Künstliche Intelligenz (KI) ist wie ein super-intelligenter Praktikant. Er kann Aufgaben blitzschnell erledigen, aber er hat keine Seele und kein Gewissen.

  • Die Gefahr: Wenn wir zu sehr auf den Praktikanten hören, vergessen wir, wie man die Aufgaben selbst löst. Wir werden „unfähig" (Deskilling).
  • Die Regel: Der Mensch bleibt immer der Chef.
    • Wenn der Praktikant (KI) einen Fehler macht, haftet der Chef (der Forscher), nicht der Praktikant.
    • Wir müssen sicherstellen, dass der Praktikant nicht voreingenommen ist (z. B. wenn er nur mit bestimmten Daten trainiert wurde).
    • Wichtig: Studenten müssen lernen, wie man mit dem Praktikanten arbeitet, ohne sich von ihm ersetzen zu lassen. Sie müssen kritisch denken können, auch wenn die KI die Antwort schon vorgibt.

5. Die Motivation: Warum tun wir das?

Viele Forscher denken: „Ich bin nur ein kleiner Fisch, meine Handlung ändert nichts." Das ist wie bei der Mülltrennung: Wenn jeder denkt, sein Glas bringe nichts, wird nichts getrennt.

  • Der Ansatz: Wir brauchen keine strengen Verbote, sondern Anreize.
    • Positives Vorbild: Wenn die großen Professoren grün arbeiten, machen es die anderen auch.
    • Sichtbarkeit: Wir sollten in wissenschaftlichen Artikeln nicht nur sagen „Wir haben das Ergebnis", sondern auch: „Und dafür haben wir so viel CO2 gespart" (oder verbraucht).
    • Der „Handabdruck": Statt nur über den „Fußabdruck" (Schaden) zu reden, sollten wir über den „Handabdruck" (positiven Beitrag) sprechen.
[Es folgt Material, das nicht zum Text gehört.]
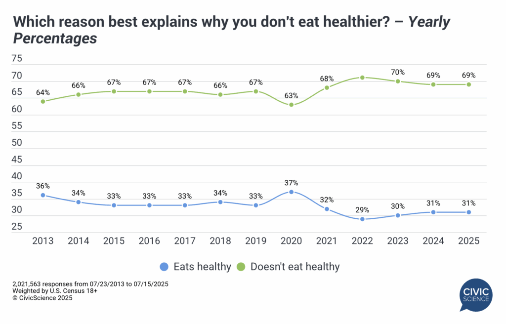 We’ve been asking Americans about the ifs, whys, and whynots of their healthy eating habits going back to 2013 (n= 2,021,563). In that first year, 36% of U.S. adults identified themselves as healthy eaters. That number decreased to 33% in 2019, before spiking to 37% in 2020, then fell in subsequent years, sitting at only 31% today. The financial costs of buying healthy food amidst all the inflationary headwinds are partly to blame. In any event, no, it doesn’t appear healthy eating is the hero in our story.
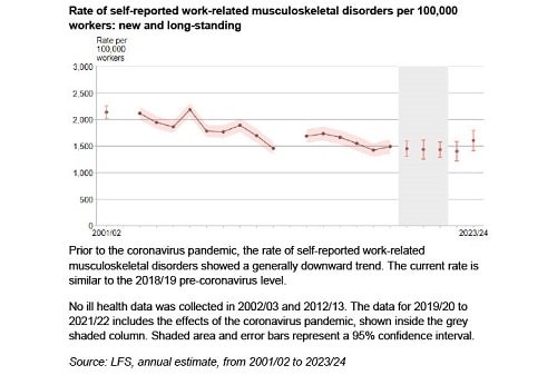 Prior to the coronavirus pandemic, the rate of self-reported work-related musculoskeletal disorders showed a generally downward trend. The current rate is similar to the 2018/19 pre-coronavirus level.

Wie viel Gutes haben wir durch effiziente Arbeit bewirkt?

Fazit: Ein gemeinsamer Tanz

Der Bericht sagt uns: Technik allein reicht nicht. Wir brauchen eine Kulturwandel.

Stellen Sie sich die Wissenschaft als einen großen Tanz vor. Bisher tanzten alle wild durcheinander und verbrauchten viel Energie. Jetzt lernen wir einen neuen Tanz:

  1. Wir tanzen im Takt der grünen Energie (atmende Rechenzentren).
  2. Wir werfen keine Partner weg (Daten speichern und teilen).
  3. Wir lassen uns von der KI führen, aber nicht von ihr führen lassen (ethische Verantwortung).
  4. Und wir geben uns gegenseitig den Takt vor, indem wir zeigen, dass nachhaltiges Forschen nicht nur möglich, sondern auch besser ist.

Es geht darum, die Wissenschaft nicht nur klüger, sondern auch grüner und menschlicher zu machen.